Forum Moderators: open
Someone needs to construct a demo site that will manufacture a web catalog card out of Dublin Core metadata - perhaps vaguely along the lines of the W3C's new semantic data extractor:
[w3.org...]
I've yet to see it used by any indexing or search services.
Yup, me too. But, if you look at the list of supporting entities, there may be some there that are of interest in certain industries.
There is another side to this whole metadata thing. What we know as META Tags are being replaced by the RDF and possibly some of the DC.elements set.
I've got a section that I'm testing right now (long term tests) utilizing the complete set of elements. Just out of curiosity, I want to see what impact the DC.elements have on a page that utilizes them. And no, these tags cannot be tested by throwing in some obscure term that the page does not relate to. Its the same when testing META Tags, you can't drop an off the wall term in the Keywords Tag to test its effectiveness.
The Dublin Core Metadata Editor does pretty much what the link does that you posted. It will generate a set of DC.elements based on the existing metadata.
Please everyone, don't rush out and start generating DC.elements for your pages. That is not what this is for. Right now it appears to be mostly supported in educational environments. I posted a list of those using the standards above. If any of those are of interest and will benefit your site, then it may be something worth investigating further.
My next step is to tackle the RDF (Resource Description Framework). The tool above will generate an .rdf document for your pages. How to effectively use it to assist user agents is still something I need to hunker down and learn.

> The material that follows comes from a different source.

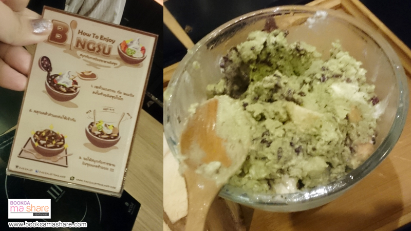 ปิดท้ายด้วยของหวานอันนี้ชืออะไรไม่แน่ใจ แต่นางมีน้ำแข็งใสอยู่ด้านล่าง ตามด้วยถั่วแดงบด ตบด้วยไอติมชาเขียว และปิดท้ายด้วยวิปครีม เสิร์ฟหร้อมกับถั่วแดง, แป้งต๊อก และขนมปังปิ้ง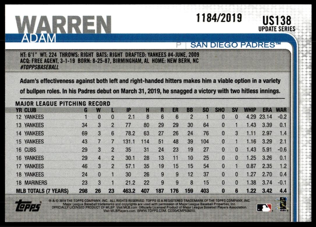This Baseball card, from 2019 is part of the Topps Update card set. Adam Warren is featured and has a card number of US138.

AFAIK the DC tags were invented at the tail-end of a drinking binge in Dublin when the conference decided they had to come up with _something_ to justify their expense accounts ;)

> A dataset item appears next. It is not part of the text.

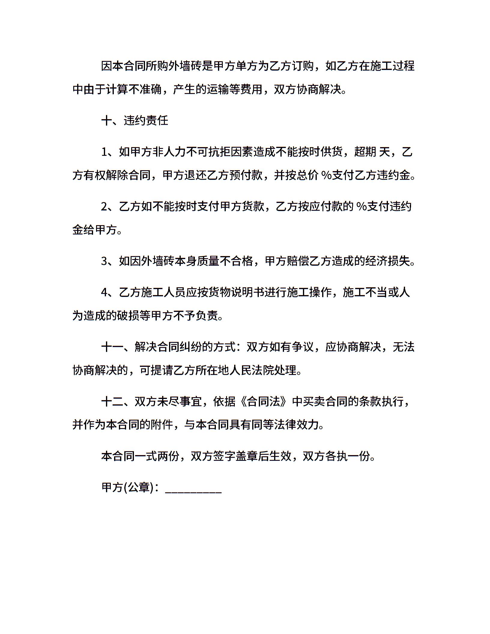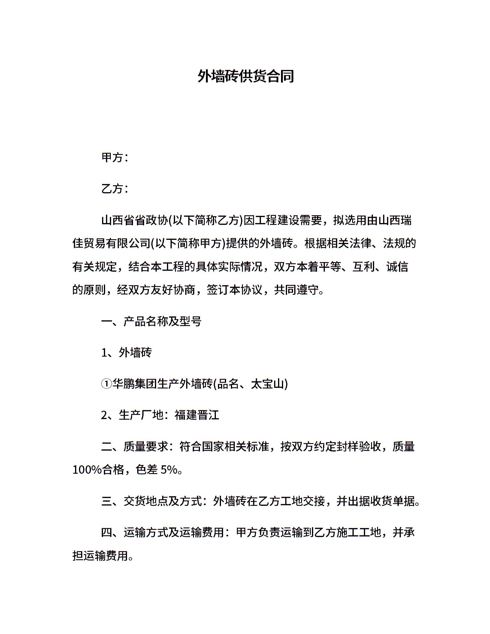 外墙砖供货合同

Honestly, I don't think the DCMI has a real future as an HTML extension. If it suceeds, it will be as RDF -- some sites are already using it to supplement RSS and FOAF files, for example.

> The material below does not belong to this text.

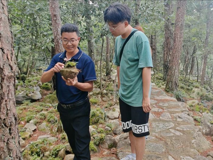 (图为团队成员近距离观察石斛的生长状态朱雨轩供图)

I'm planning to go the RDF route myself -- write a perl script to pull the data from my HTML pages, put the RDF files up, and see what happens. (I'll probably end up using a few DCMI HTML tags (like "DC.Date"), to hold the metadata that isn't already structured into the pages's regular HTML.) If somebody lets loose a good RDF crawler, I'll be ready for them, and if they don't, at least I won't have bloated my regular pages with a dozen unused meta tags.